[Dataset records Boundary: Start]
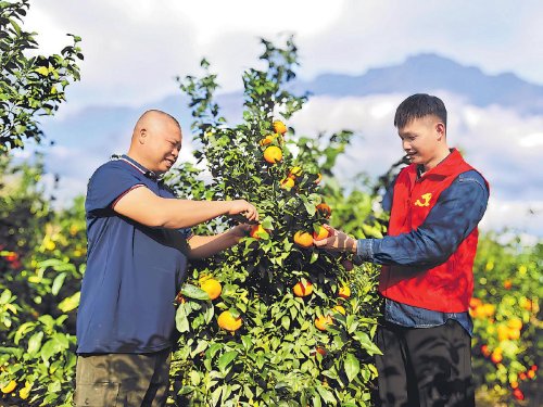 “中國沃柑看武鳴。”春節(jié)前正是廣西壯族自治區(qū)南寧市武鳴沃柑上市的時節(jié),南寧市郵政分公司以“黨旗紅 南郵旺”黨建品牌建設為抓手,組織以青年黨員為主的產業(yè)幫扶工作組,深入沃柑種植基地協助果農開展采摘、打包、收寄工作,并借助直播推動鮮果網銷四方,推動黨建工作與服務鄉(xiāng)村振興、打造沃柑產業(yè)協同互促。圖為南寧市分公司產業(yè)幫扶工作組成員與果農一起采摘沃柑。 □謝向炫 卓曉 攝影報道
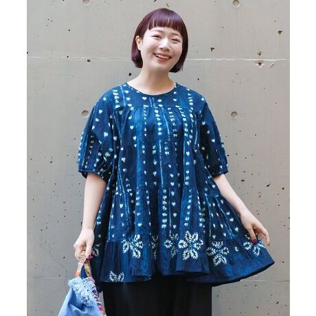 絞り染めのようなグラデーションと控えめなハートが可愛いインド綿のティアードブラウスです。
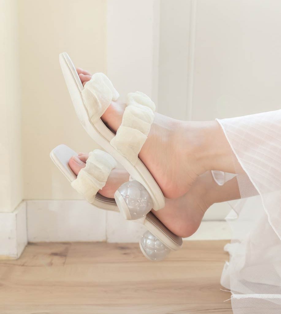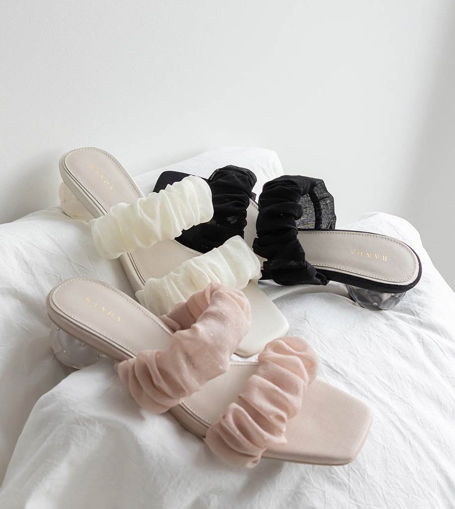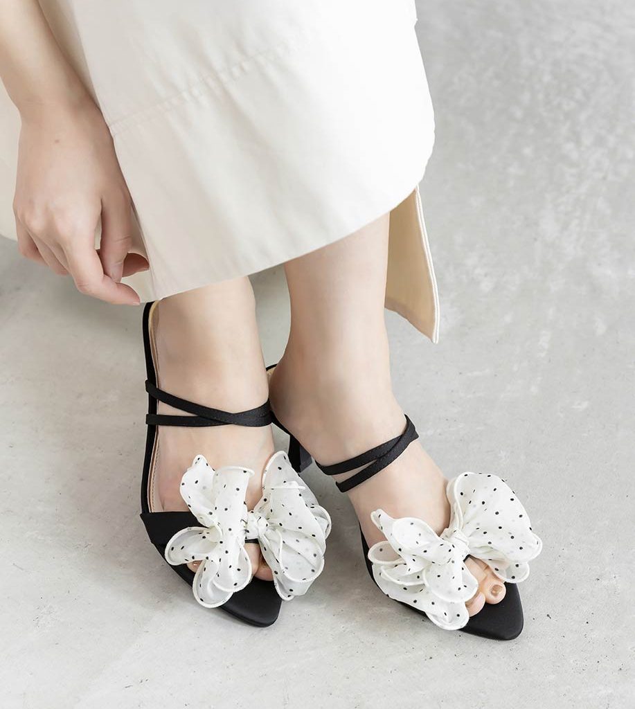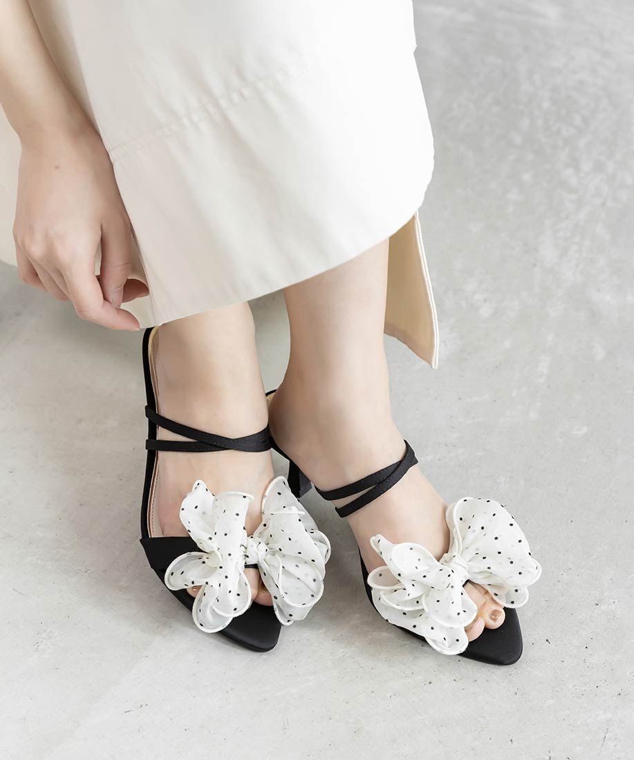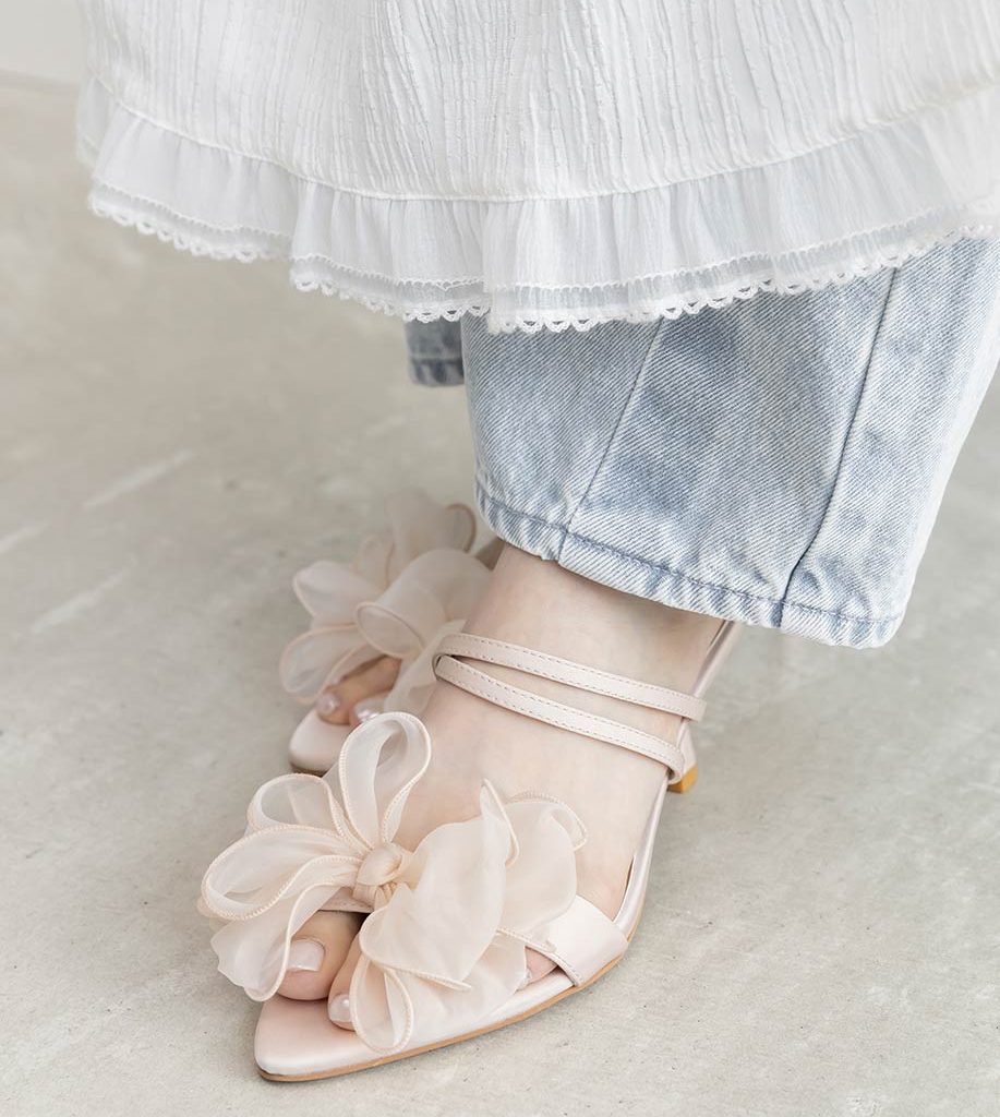 甜美雪紡紗蝴蝶結細跟涼鞋
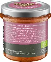 Tomaten* (16%), Wasser, Sonnenblumenöl*, Sonnenblumenkerne*, Rote Bete-Saft aus Rote Bete-Saftkonzentrat*, FETA* (6%) (SCHAFMILCH*, Meersalz, Milchsäurekulturen, mikrobielles Lab), Zitronensaft aus Zitronensaftkonzentrat*, Agavendicksaft*, Zwiebeln*, Karotten*, Tomatenmark* (4%), getrocknete Tomaten* (3%) (Tomaten*, Salz), schwarze Oliven* (2%), Kartoffelstärke*, grüne Oliven* (1,1%), Knoblauchpulver*, Paprika* edelsüß, Meersalz, Basilikum*, Oregano*, Chilipulver*. *| Energie | Fett | gesättigte Fettsäuren | Kohlenhydrate | Zucker | Ballaststoffe | Eiweiss | Salz |
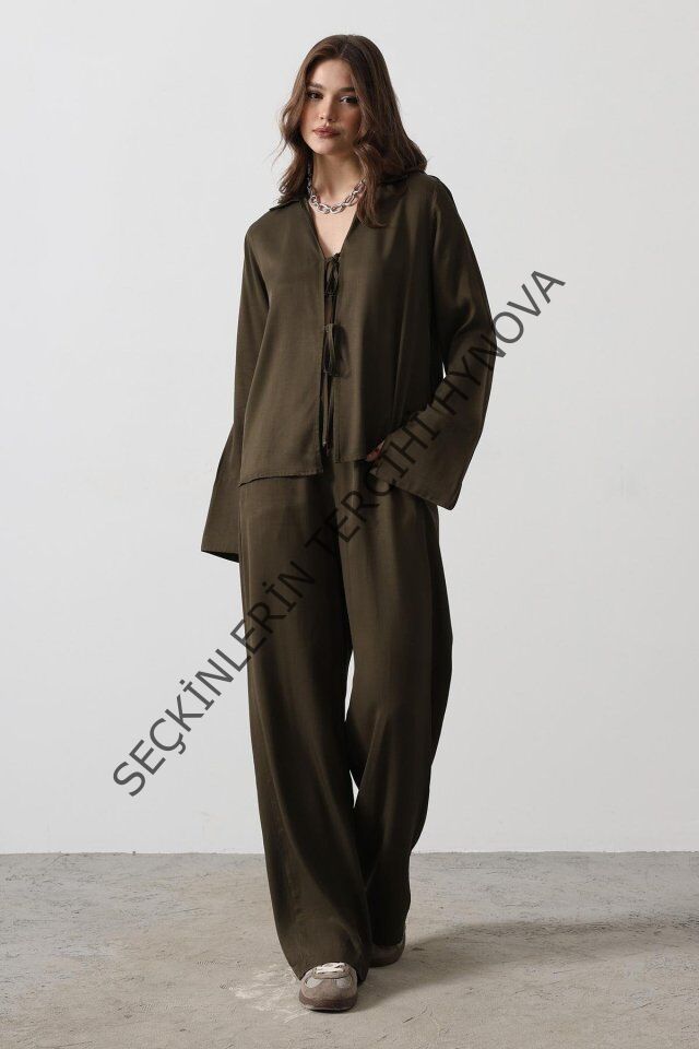 Önden Biyeli Bluz Ve Pantolon Takım - Haki
[Dataset records Boundary: End]
What the answer needs is every line from the one with "絞り染めのようなグラデーショ" through the last line of the data, reproduced word for word and with pictures omitted.

*Output for this task*.
 絞り染めのようなグラデーションと控えめなハートが可愛いインド綿のティアードブラウスです。
 甜美雪紡紗蝴蝶結細跟涼鞋
 Tomaten* (16%), Wasser, Sonnenblumenöl*, Sonnenblumenkerne*, Rote Bete-Saft aus Rote Bete-Saftkonzentrat*, FETA* (6%) (SCHAFMILCH*, Meersalz, Milchsäurekulturen, mikrobielles Lab), Zitronensaft aus Zitronensaftkonzentrat*, Agavendicksaft*, Zwiebeln*, Karotten*, Tomatenmark* (4%), getrocknete Tomaten* (3%) (Tomaten*, Salz), schwarze Oliven* (2%), Kartoffelstärke*, grüne Oliven* (1,1%), Knoblauchpulver*, Paprika* edelsüß, Meersalz, Basilikum*, Oregano*, Chilipulver*. *| Energie | Fett | gesättigte Fettsäuren | Kohlenhydrate | Zucker | Ballaststoffe | Eiweiss | Salz |
 Önden Biyeli Bluz Ve Pantolon Takım - Haki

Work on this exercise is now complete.